I use the tm package to construct functions that tokenize the sample and construct matrices of uniqrams, bigrams, and trigrams. for that, we have a clean dataset we need to convert it to a format that is most useful for Natural Language Processing (NLP).

uni_tokenizer <- function(x) NGramTokenizer(x, Weka_control(min = 1, max = 1))
bi_tokenizer <- function(x) NGramTokenizer(x, Weka_control(min = 2, max = 2))
tri_tokenizer <- function(x) NGramTokenizer(x, Weka_control(min = 3, max = 3))

corpus.uni.matrix <- TermDocumentMatrix(corpues, control = list(tokenize = uni_tokenizer))
corpus.bi.matrix<- TermDocumentMatrix(corpues, control = list(tokenize = bi_tokenizer))
corpus.tri.matrix <- TermDocumentMatrix(corpues, control = list(tokenize = tri_tokenizer))

corpus.uni <- findFreqTerms(corpus.uni.matrix,lowfreq = 10)
corpus.bi <- findFreqTerms(corpus.bi.matrix,lowfreq=10)
corpus.tri <- findFreqTerms(corpus.tri.matrix,lowfreq=10)

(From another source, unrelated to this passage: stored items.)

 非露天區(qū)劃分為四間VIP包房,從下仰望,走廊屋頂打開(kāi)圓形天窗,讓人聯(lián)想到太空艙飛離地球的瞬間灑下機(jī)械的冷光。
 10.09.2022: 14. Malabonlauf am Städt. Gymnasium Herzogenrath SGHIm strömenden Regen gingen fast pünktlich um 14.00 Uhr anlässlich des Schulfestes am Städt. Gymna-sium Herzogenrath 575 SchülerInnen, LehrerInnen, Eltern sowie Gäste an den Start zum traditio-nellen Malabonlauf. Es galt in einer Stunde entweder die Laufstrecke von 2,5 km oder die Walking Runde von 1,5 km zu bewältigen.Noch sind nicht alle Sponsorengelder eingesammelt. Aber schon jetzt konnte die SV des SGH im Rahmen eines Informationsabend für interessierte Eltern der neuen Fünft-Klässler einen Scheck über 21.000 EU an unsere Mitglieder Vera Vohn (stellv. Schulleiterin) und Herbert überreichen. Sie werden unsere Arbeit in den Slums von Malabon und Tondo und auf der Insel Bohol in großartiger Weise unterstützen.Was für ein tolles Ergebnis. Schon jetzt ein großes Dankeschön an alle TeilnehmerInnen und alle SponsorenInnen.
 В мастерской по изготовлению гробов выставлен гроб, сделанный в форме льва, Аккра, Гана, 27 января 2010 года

corpus.uni.f <- rowSums(as.matrix(corpus.uni.matrix[corpus.uni,]))
corpus.uni.f <- data.frame(word=names(corpus.uni.f), frequency=corpus.uni.f)
corpus.bi.f <- rowSums(as.matrix(corpus.bi.matrix[corpus.bi,]))
corpus.bi.f <- data.frame(word=names(corpus.bi.f), frequency=corpus.bi.f)
corpus.tri.f <- rowSums(as.matrix(corpus.tri.matrix[corpus.tri,]))
corpus.tri.f <- data.frame(word=names(corpus.tri.f), frequency=corpus.tri.f)

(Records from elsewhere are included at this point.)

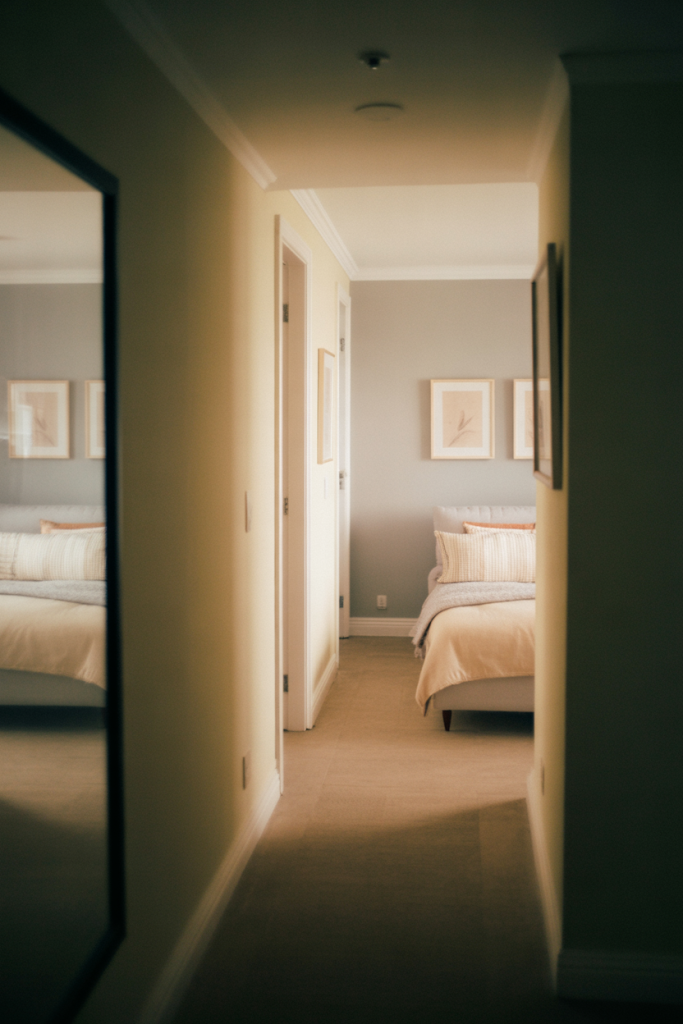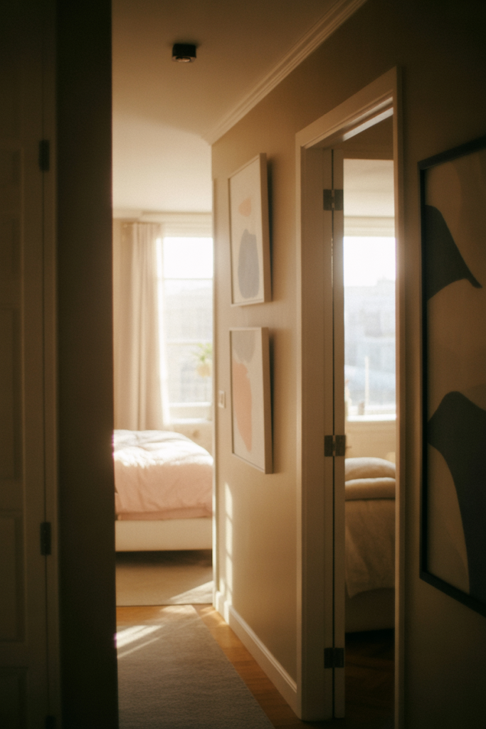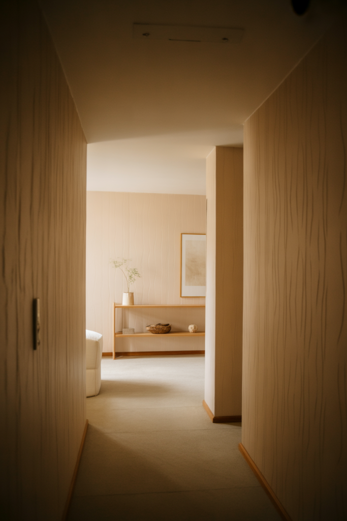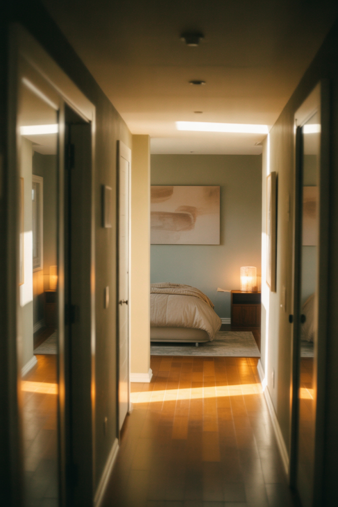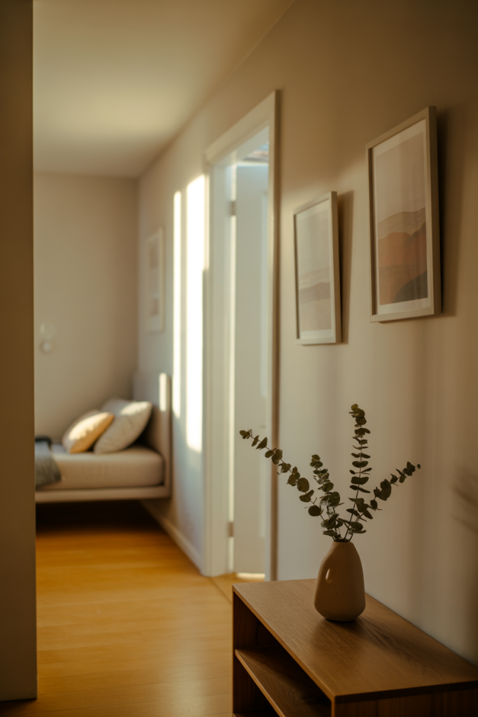 The hallway leading to the bedrooms is a space that should feel calm. In 2026, designers view these spaces as emotional buffers and use soft, muted colors, minimal decoration, and generous use of soft materials to promote rest and privacy.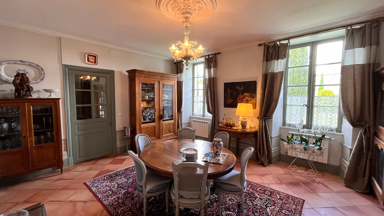 The property boasts 8 bedrooms, 8 bathrooms a cellar and an attic formerly used as staff quarters. The rear of the entrance hall opens out on to a fabulous garden with outdoor theatre, events barn, old pigeonnier and several storage buildings. There is also a 1 bedroom self contained studio, building formerly used as a restaurant and a further good sized outbuilding currently housing an antiques business.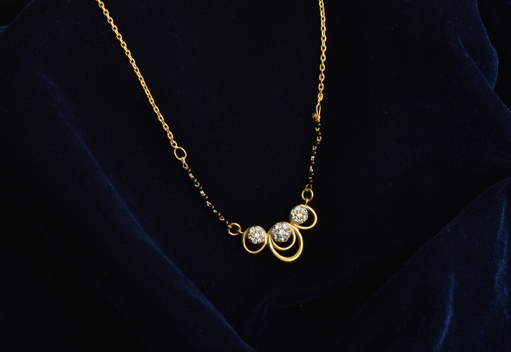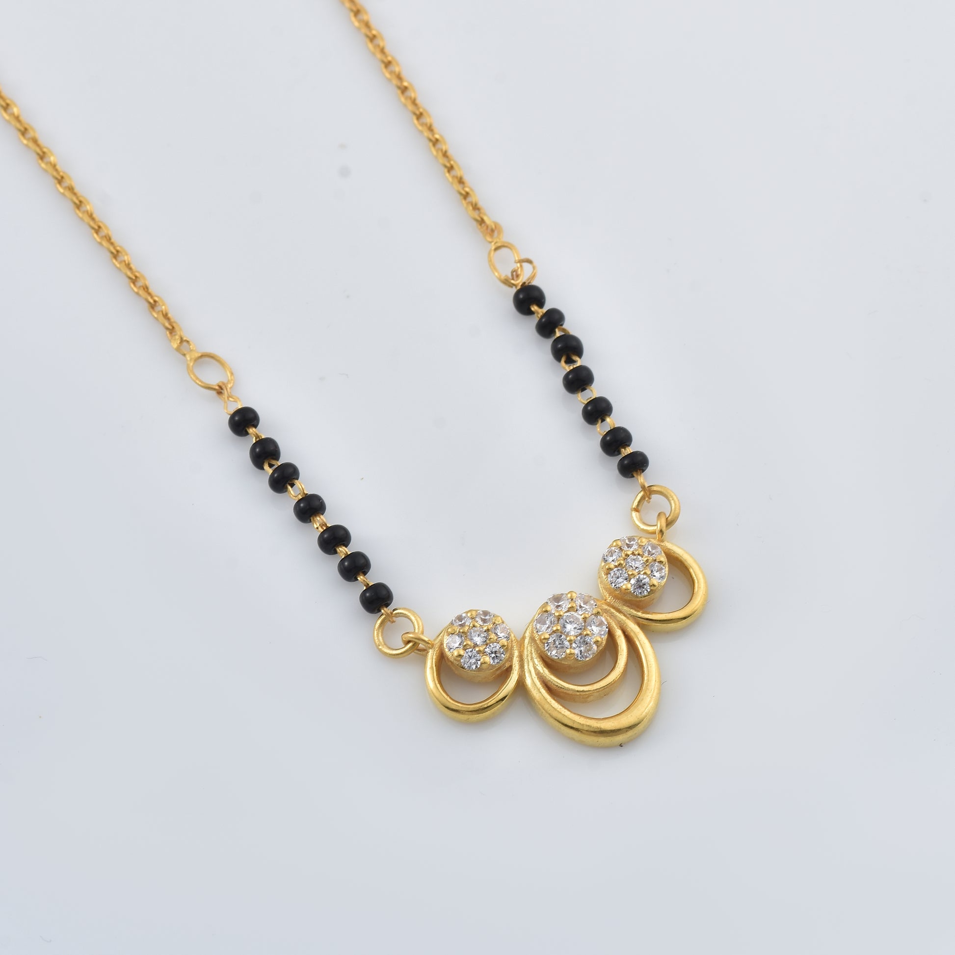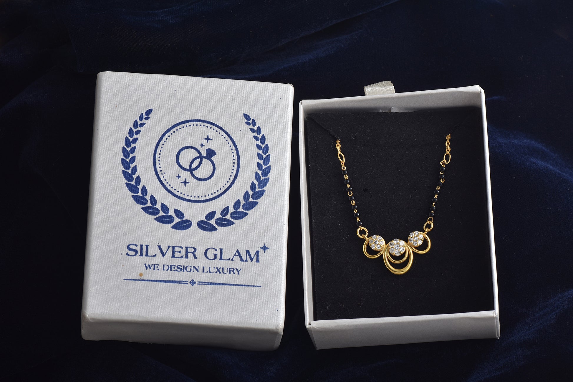 Expertly handcrafted in 925 pure silver with a radiant Yellow Gold rhodium finish, this mangalsutra features classic black beads and a sleek, minimalist pendant—perfect for adding everyday elegance to your look.

kable(head(corpus.uni.f),caption = "Only one word")
Only one word
word frequency
ability ability 20
able able 55
about about 572
above above 28
absolutely absolutely 20
abuse abuse 11
kable(head(corpus.bi.f),caption = "Two words")
Two words
word frequency
a bad a bad 13
a better a better 14
a big a big 37
ability to ability to 15
a bit a bit 58
able to able to 52
kable(head(corpus.tri.f),caption = "Three words")
Three words
word frequency
a bit of a bit of 14
according to the according to the 18
a couple of a couple of 21
a few days a few days 11
a few weeks a few weeks 10
a great day a great day 10

Calculate Frequencies of N-Grams

Step 7: frequency of words or short phrases

In this section, I will find the most frequently occurring words in the data. Here we list the most common unigrams, bigrams, and trigrams. The N-gram representation of a text lists all N-tuples of words that appear.

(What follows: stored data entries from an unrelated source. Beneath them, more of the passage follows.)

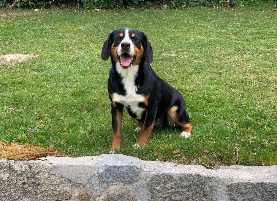 Nelly ist ein Swissydog aus einer Verpaarung Entlebucher & Appenzeller.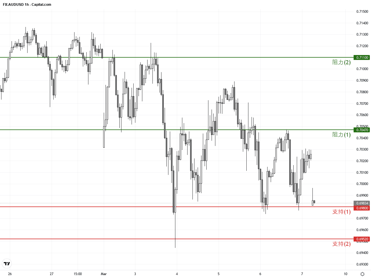 技術面上,20日移動平均線提供強有力的支撐,若價格持續站穩此區,多頭反攻將有機會延續。MACD的多頭趨勢和價格的穩定守住整數關口均為積極信號。近期形成的微型反轉形態暗示接近短線底部,投資者可密切關注上破0.7110阻力的動作以確認後市方向。今日無重大與AUDUSD直接相關的經濟事件,預計市場波動主要受全球地緣政治與美國經濟數據前瞻影響,短期內缺乏足夠的基本面驅動力量來引爆劇烈價格波動,交易者可留意其他宏觀因素推動。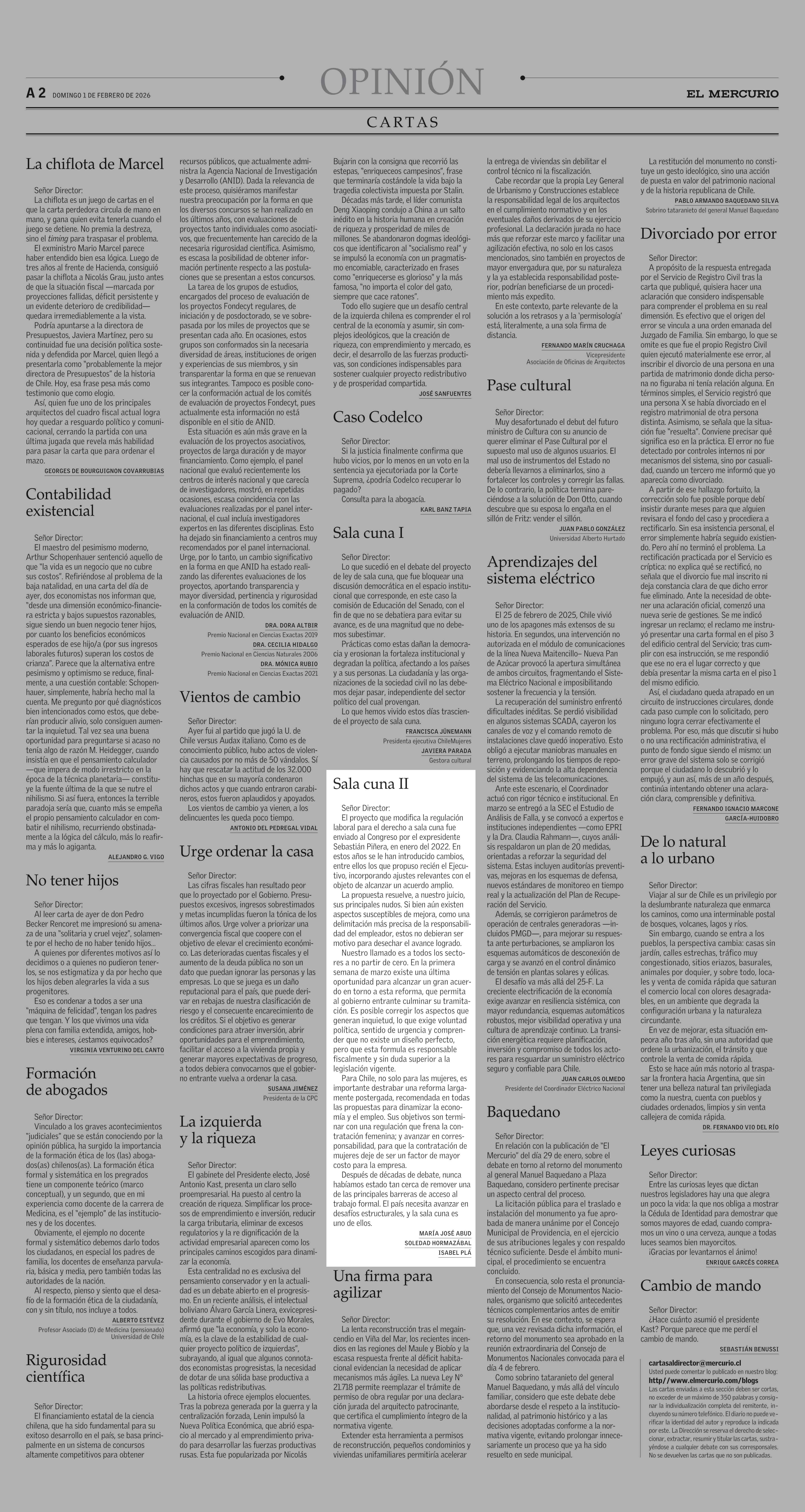 Cartas: Sala cuna II 01-02-2026 El Mercurio |

plot.n.grams <- function(data, title, num) {
  df2 <- data[order(-data$frequency),][1:num,] 
  ggplot(df2, aes(x = seq(1:num), y = frequency)) +
    geom_bar(stat = "identity", fill = "darkgreen", colour = "black", width = 1.1) +
    coord_cartesian(xlim = c(0, num+1)) +
    labs(title = title) +
    xlab("Words") +
    ylab("Count") +
    scale_x_discrete(breaks = seq(1, num, by = 1), labels = df2$word[1:num]) +
    theme(axis.text.x = element_text(angle = 90, hjust = 1))
}

 U<-plot.n.grams(corpus.uni.f,"Unigrams",20)
 B<-plot.n.grams(corpus.bi.f,"Bigrams",20)
 Tr<-plot.n.grams(corpus.tri.f,"Trigrams",20)
gridExtra::grid.arrange(U, B, Tr, ncol = 3)

Wordcloud

Step 8: Alternative graph to see quicly the main word.

I made a wordcloud. As an alternative of the last plots, and to give a quick impression of the most common words, this graph shows the most common words of the corpus.

corpus.cloud<-list(corpus.tri.f,corpus.bi.f,corpus.uni.f)
par(mfrow=c(1, 3))
for (i in 1:3) {
  wordcloud(corpus.cloud[[i]]$word, corpus.cloud[[i]]$frequency, scale = c(3,1), max.words=100, random.order=FALSE, rot.per=0, fixed.asp = TRUE, use.r.layout = FALSE, colors=brewer.pal(8, "Dark2"))
}

finally, the next steps are the predictive algorithm and deploy the Shiny app. Briefly, the plan is to add in the filters, which will be a file full of foul words, then compared the data. there is a second way that I want to try. I will fill the all spaces between words and the cut in similar short part to identify phrases as only one word. These algorithms will be based on frequency.

I will build a UI of the Shiny app and this will consist of a text input box that will allow a user to enter a word or phrase.